Despite decades of medical advances, children who develop the pediatric eye cancer retinoblastoma often lose their vision or an eye due to a lack of specific, targeted therapies and a poor molecular understanding of the cancer. Now researchers at UT Southwestern and the University of Miami have discovered that a molecule – estrogen-related receptor gamma, or ESRRG – becomes hyperactive and promotes tumor cell survival in retinoblastoma. Blocking ESRRG, the team reported in Science Advances, kills retinoblastoma cells.

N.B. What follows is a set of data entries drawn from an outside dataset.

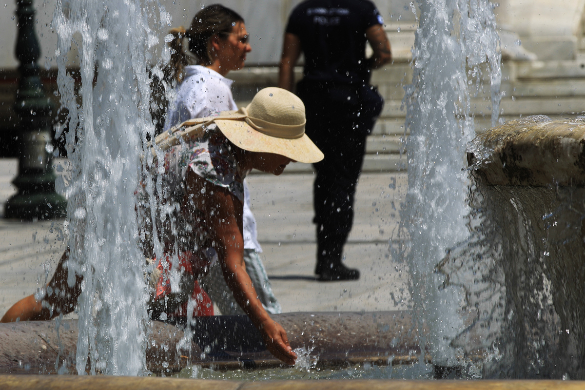 Γυναίκα δροσίζεται με το νερό από to συντριβάνι στην πλατεία Συντάγματος, κατά τη διάρκεια του καύσωνα, Σάββατο 15 Ιουλίου 2023. Σε ρυθμούς πολύ υψηλών θερμοκρασιών κινείται εδώ και 4 μέρες η χώρα με το θερμόμετρο να έχει χτυπήσει «κόκκινο» φτάνοντας τους 42, 43 αλλά και 44 βαθμούς Κελσίου σε κάποιες περιοχές λόγω της "επέλασης" του καύσωνα με την ονομασία «Κλέων». ΑΠΕ-ΜΠΕ/ΑΠΕ-ΜΠΕ/ΑΛΕΞΑΝΔΡΟΣ ΒΛΑΧΟΣ ΑΠΕ- ΜΠΕ/ΑΠΕ- ΜΠΕ/ΑΛΕΞΑΝΔΡΟΣ ΒΛΑΧΟΣ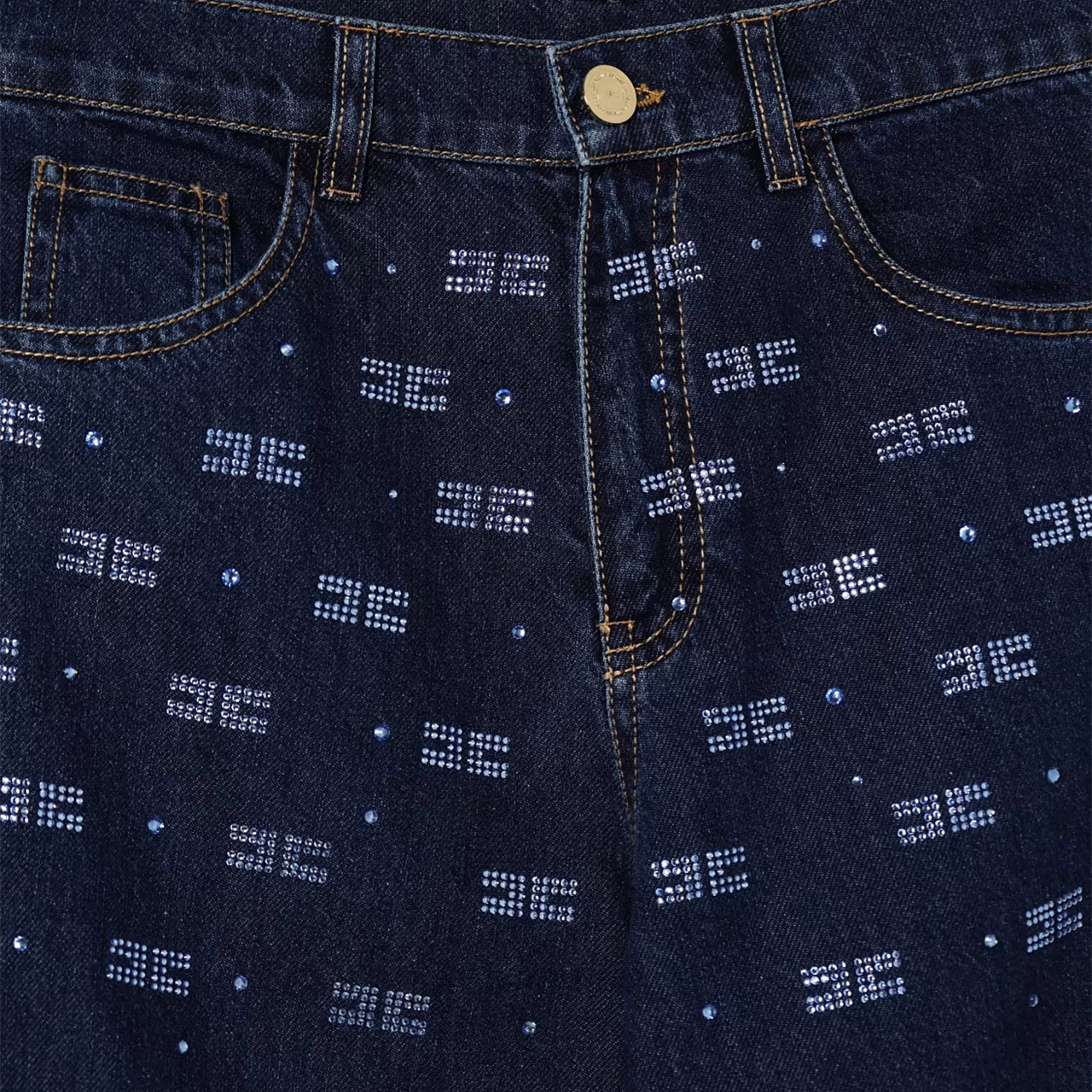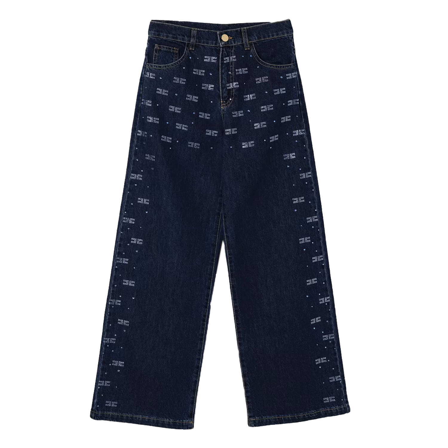 Elisabetta Franchi dark blue denim cotton trousers with rhinestone logo applications.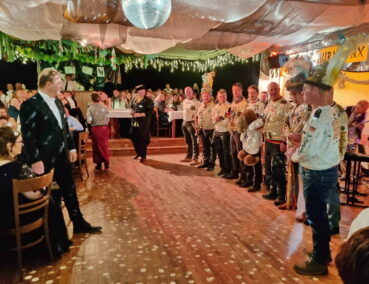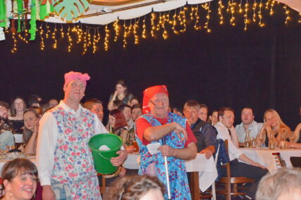 Gegen Mitternacht marschierte die Vogtareuther Faschingsgilde mit Ihrem Prinzenpaar Verena I. und Dominik I. ein. Hofmarschall Peter Rottmooser bedankte sich bei der Gemeinde, da einige Söchtenauer bei ihrer Gilde mittanzen und im Elferrat sind. Nach Ihrem wunderbaren Prinzenwalzer durfte das Prinzenpaar im Auftrag des Vereins ein paar Faschingsorden für verdiente Mitglieder verleihen. Thomas Schöberl, Anton Grießer sen., Wolfgang Seidl sen. Und Norbert Zehrer wurden für ihre steten Arbeitseinsätze im Laufe der Jahre belohnt. Außerdem wurde Vorstand Joachim Pfaller ohne sein Wissen für seine Vereinsführung und die Bewältigung der Herausforderung der vielen Kartenanfragen mit einem Orden gewürdigt. Für die ausgelassene Stimmung zeichnete sich auch mitunter die Band „Huraxdax“ verantwortlich. Inspiriert von der tollen Stimmung spielten freiwillig wesentlich länger als vereinbart, so dass auf eine Barbeschallung vollends verzichtet werden konnte.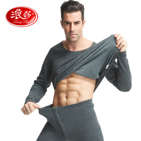 浪莎男士秋冬加绒加厚不倒绒圆领保暖内衣纯色女礼盒内...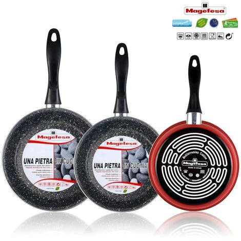 Magefesa K2 Roja Lot De 3 Poêles 20-24-28 Cm Induction, Antiadhésives PIERRE Rouge – Rouge
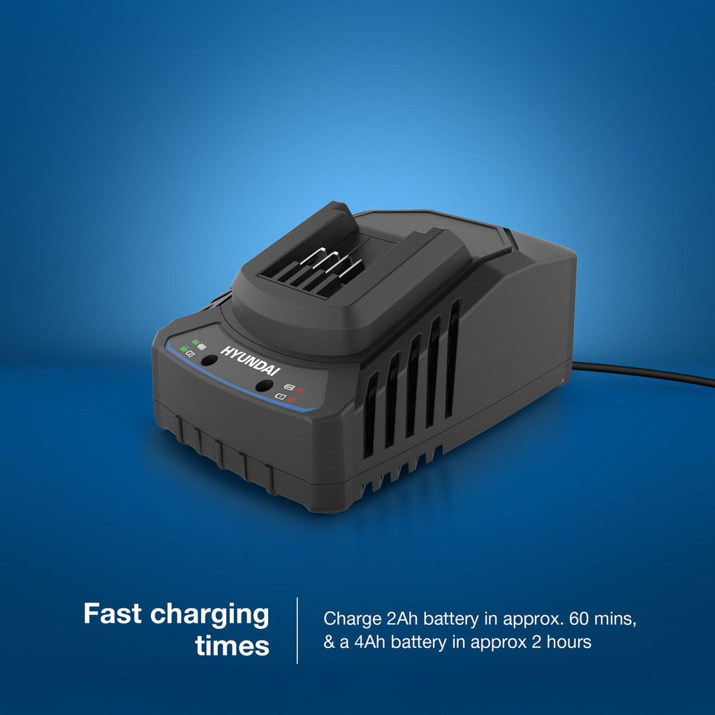 The Hyundai C20-2 is a 20V lithium-ion battery charger designed specifically for charging batteries in the Hyundai 2nd Generation 20V cordless garden machinery and power tool range.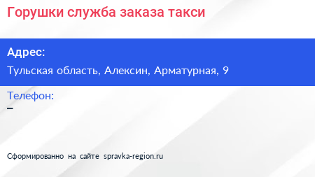 Горушки, служба заказа такси по адресу Тульская область, Алексин, Арматурная, 9 в дальнейшем Организация, размещена в следующих категориях:
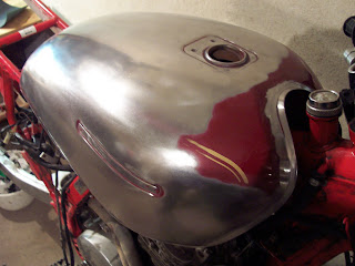 I've spent some time searching for an appropriate fuel tank and finally I bought a pretty nice Kawasaki KZ750 tank. I wasn't expecting it at all, but it turned out that the front mounts fit perfectly :] Now I only need to fabricate a rear mount, get rid of the rest of the paint, apply some graphics and spray everything with a transparent lacquer. I'm psyched!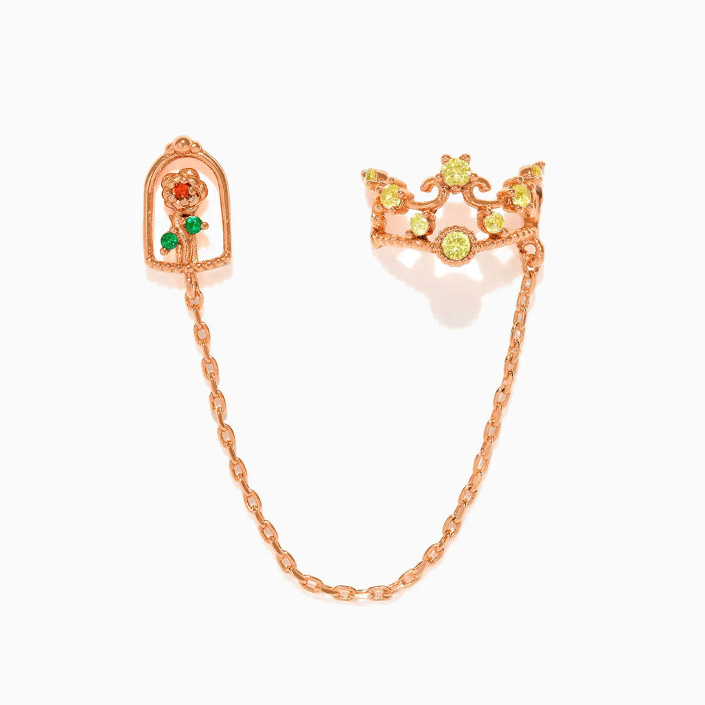 Bonjour! Experience the magic of Disney's Beauty and the Beast with this stunning ear cuff, elegantly connected to a charming rose stud. Our Disney Beauty and the Beast Enchanted Rose Ear Cuff + Stud captures the timeless romance and whimsical beauty of the beloved tale, making it a must-have for any occasion.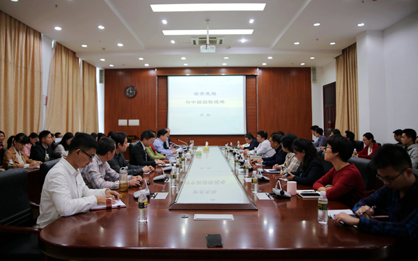12月20日下午,应我院特邀,中国太平洋经济合作全国委员会会长,中国太平洋经合理事会联席主席,中国国际问题研究院前院长、党委书记苏格教授莅临我院,在我院综合楼七楼第一会议室作了题为“世界变局与中国外交战略”的学术讲座。我院李渝凤院长、杨学前副院长会见苏格会长并出席讲座。我院部分中层干部、国际交流中心全体人员、各系部外事秘书、外教助理、教师代表等五十余人到现场聆听讲座。讲座由杨学前副院长主持。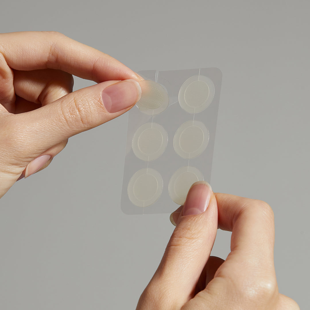 1. Peel off the film, trying not to touch the microtips in the center of the patch. 2. Place the patch with the troubled area at the center and gently place and press firmly with your fingers to effectively adhere. *Check before use Be careful that the tip is made of 100% active ingredients and may melt on skin with unabsorbed skincare and water.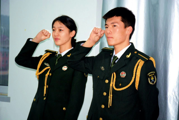 年年岁岁花相似,岁岁年年人不同,老队员走了,新队员肩上的担子更重了,79名15级新同学将接过老队员手中的枪,正式成为大连枫叶职业技术学院国旗护卫队队员,神圣的五星红旗,在每名新队员手中传递,这传递的不只是国旗,而是一份责任。新队员在发言中讲到:继承和发扬国旗护卫队“行事如风、纪律至首、刻苦训练”的建队理念,将责任与使命牢记在心,让青春在奉献中闪光,让热血在国旗下沸腾!我们全体新队员们要以老队员为榜样,发扬护卫队的优良传统,努力学习,刻苦训练,一定会把国旗护卫队做强、做大,让它成为大连枫叶职业技术学院的一张亮丽的名片。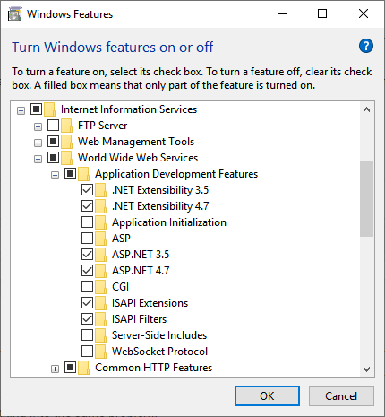 Internet Information Services need to have the .NET-related features checked in the Windows Features dialog box as shown below: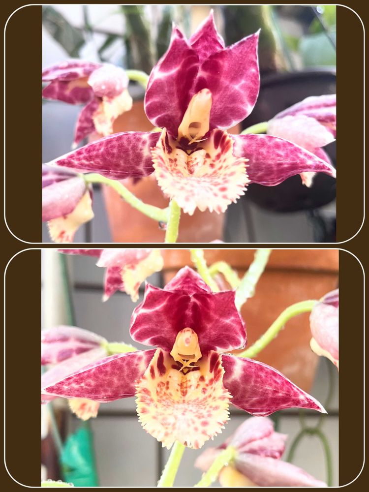 我が家のサンドラは赤系マダラとこのラベンダーレッドの掠れ模様、リップにペッパースポット入った花が咲いています。

“Our discovery could lead to innovative new treatments for this cancer that take advantage of this dependence of retinoblastoma on ESRRG,” said study leader J. William Harbour, M.D., Chair and Professor of Ophthalmology at UT Southwestern.
In the new study, Dr. Harbour and his colleagues analyzed genes and proteins in tumor cells from 103 retinoblastoma patients, representing the largest sequencing analysis of retinoblastoma reported to date. While 94% of the tumors contained RB1 mutations, many also contained other altered genes. When the scientists analyzed these other mutations, they discovered that many were involved in the same signaling pathway inside cells: a molecular network that regulates ESRRG. ESRRG is known to play a role in the early development of the retina and other components of the nervous system but had never been linked to retinoblastoma before.